But if it’s not them, it’s someone else. If it’s not them, it’s the gays wanting to get married. If it’s not them, it’s the Muslims wanting to worship in peace. Or the immigrants who want a better life for themselves and their families. Or black people. Or rednecks. Or limousine liberals. Or the old. Or the young. The poor, the rich. Hipsters. Fans of the Eagles (band or sports team). Players of this video game or that TV show. And so on and so forth. It gets exhausting to try to list them all because we keep making up new ones. New people we can tear down just to feel better about ourselves.

Our whole society is rampant with this plague. It almost goes without saying that there numerous political candidates and proposals out there who’s popularity is based entirely on how much we can hurt “those people.” To hear our leaders talk, it seems that every problem in our society can simply be solved by finding the right people to pin the metaphorical “kick me” sign on.

And this is a country that claims openly and loudly to be a nation based on Christian principles. Our law is from Judeo-Christian tradition. Our Founding Fathers were Bible-believing Church-going men of highest character. None of that is true historically, but it is a tale we tell ourselves that we want to believe is true. But if that’s the story we want to say about who we are, then maybe we should, at least, try to act like that IS who we are. And a society that is Christian does not look like Trump’s “yuge” wall. It looks like Pentecost.

From Patheos.org. Nerds might notice a certain addition to the scene.

The Holy Spirit comes down upon the Apostles gathered in Jerusalem and what does it do? Immediately, everyone is speaking in different languages so that the news of the Gospel can be understood by as wide a variety of people possible, a small sample of which you just heard in the reading of the story. The Spirit comes and it doesn’t strengthen divisions between people, it breaks them down. Peter makes this very clear when he gets up to preach from the prophet Joel. The prophet says rightly that God will pour out his spirit upon ALL flesh, not just the ones like us.

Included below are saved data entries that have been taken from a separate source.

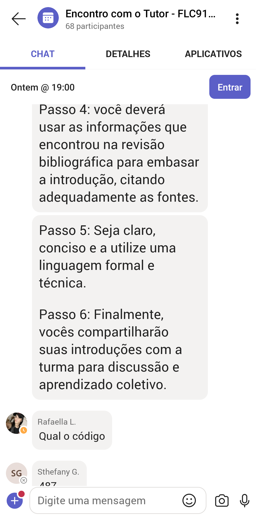 <p>Encontro com o Tutor - FLC91.. ... : 68 participantes CHAT DETALHES APLICATIVOS Ontem @ 19:00 Entrar Passo 4: você deverá usar as informações que encontrou na revisão bibliográfica para embasar a introdução, citando adequadamente as fontes. Passo 5: Seja claro, conciso e a utilize uma linguagem formal e técnica. Passo 6: Finalmente, vocês compartilharão suas introduções com a turma para discussão e aprendizado coletivo. Rafaella L. Qual o código SG Sthefany G.</p>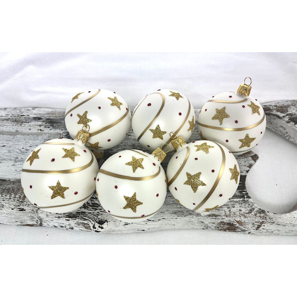 Sklenené vianočné guličky v bielej matnej farbe s hviezdičkami a červenými bodkami .
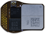 SiP from the bottom, showing the H1 enclosure, the two accelerometers, the Bluetooth antenna connector and the large pad attaching a flex cable to all other components in the headphone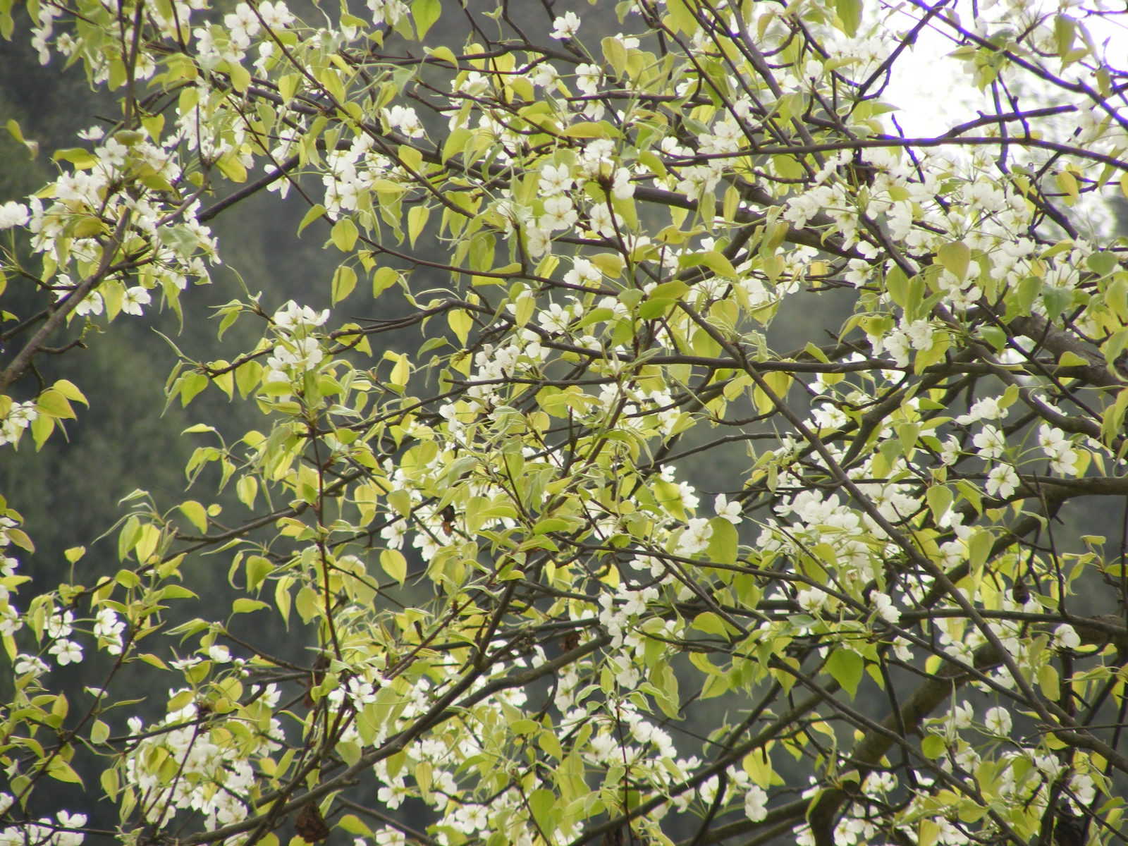 樱桃花簇拥在枝头,点缀着光秃的树枝,在风中起舞,像银白的霜花,像水洗的胭脂……美哉。

And this story in Acts is just the beginning. God doesn’t stop there. It goes from this crowd of Diaspora Jews to Ethiopian eunuch. And from there to the Roman Cornelius. And from their to Paul’s journeys across the known world. Take a map of the ancient world and look at all the cities to where Paul wrote his letters: Corinth, Rome, Ephesus, Thessalonika, and so forth. There’s one here, here, here, and here. They’re all over the place.

From thebiblejourney.org

The Gospel goes out to everyone and everywhere.

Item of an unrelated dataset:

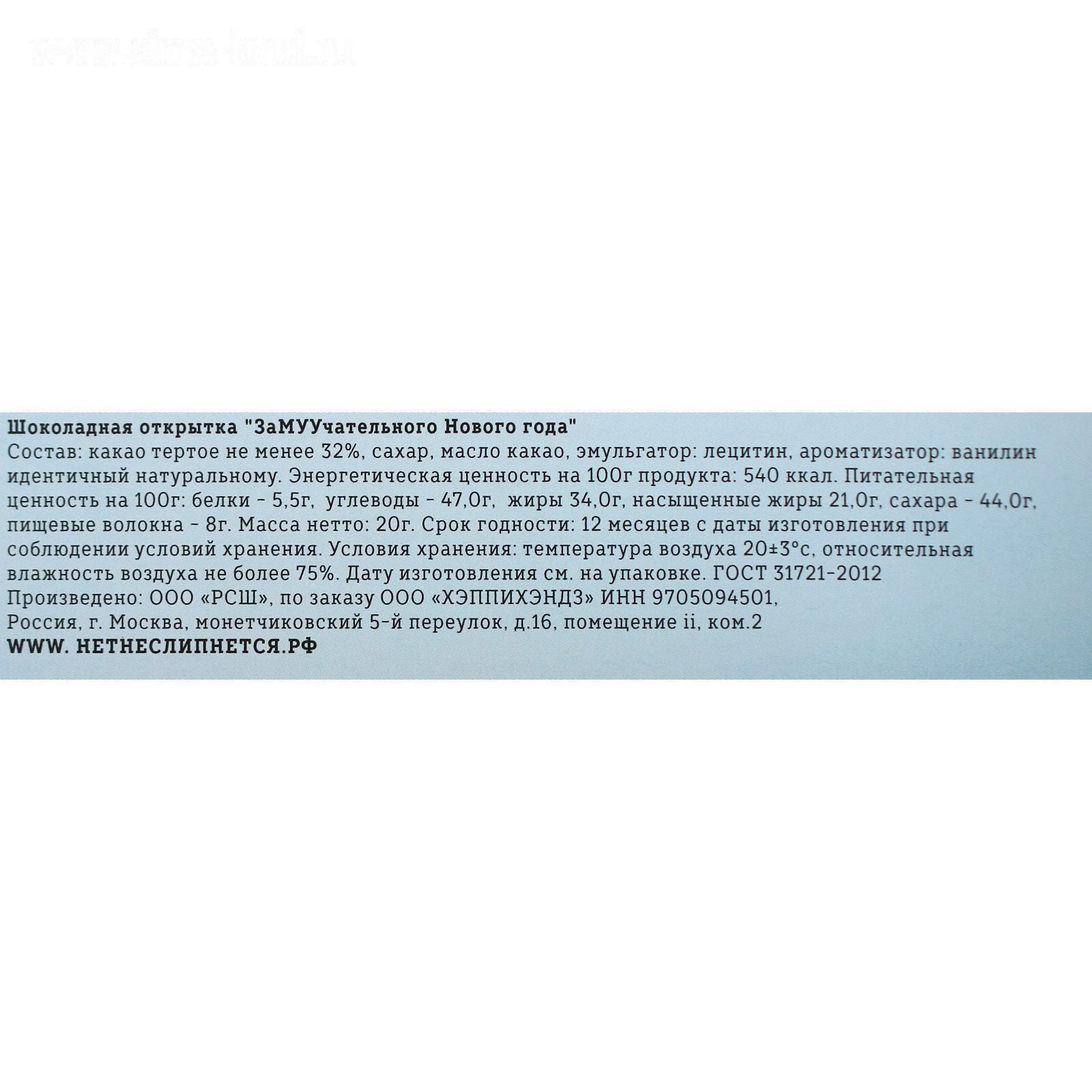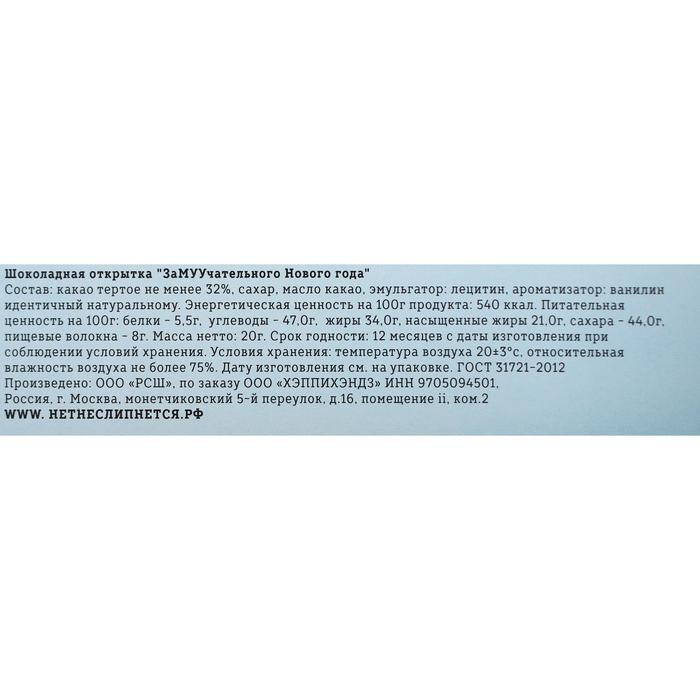 Шоколадная открытка "ЗаМУУчательного Нового года" 20 г 5298010

We talk a lot in church about how God loves everyone. It’s a nice sentiment, but do we really understand what that means? What it looks like? Pentecost is what it looks like. God putting proof that what he did in Christ’s earthly ministry was not merely for a select few, but for everyone. And this was the plan all along. As I’ve often said, God’s promise to Abraham was to make of him a “blessing for all the families of the world.”

All means all. But probably the most radical part of this isn’t that “those people” are intended to be part of God’s all-encompassing kingdom. It’s that we are too. I began this sermon talking about how it seems each of us has this horrible inferiority complex and it is out of it that we continually seek to tear down those who are different from us. We don’t believe in ourselves. We don’t see our own worthiness, so we constantly feel we have to prove ourselves over and against someone else. “I may be terrible, but at least I’m not THEM” is the secret we all tell ourselves.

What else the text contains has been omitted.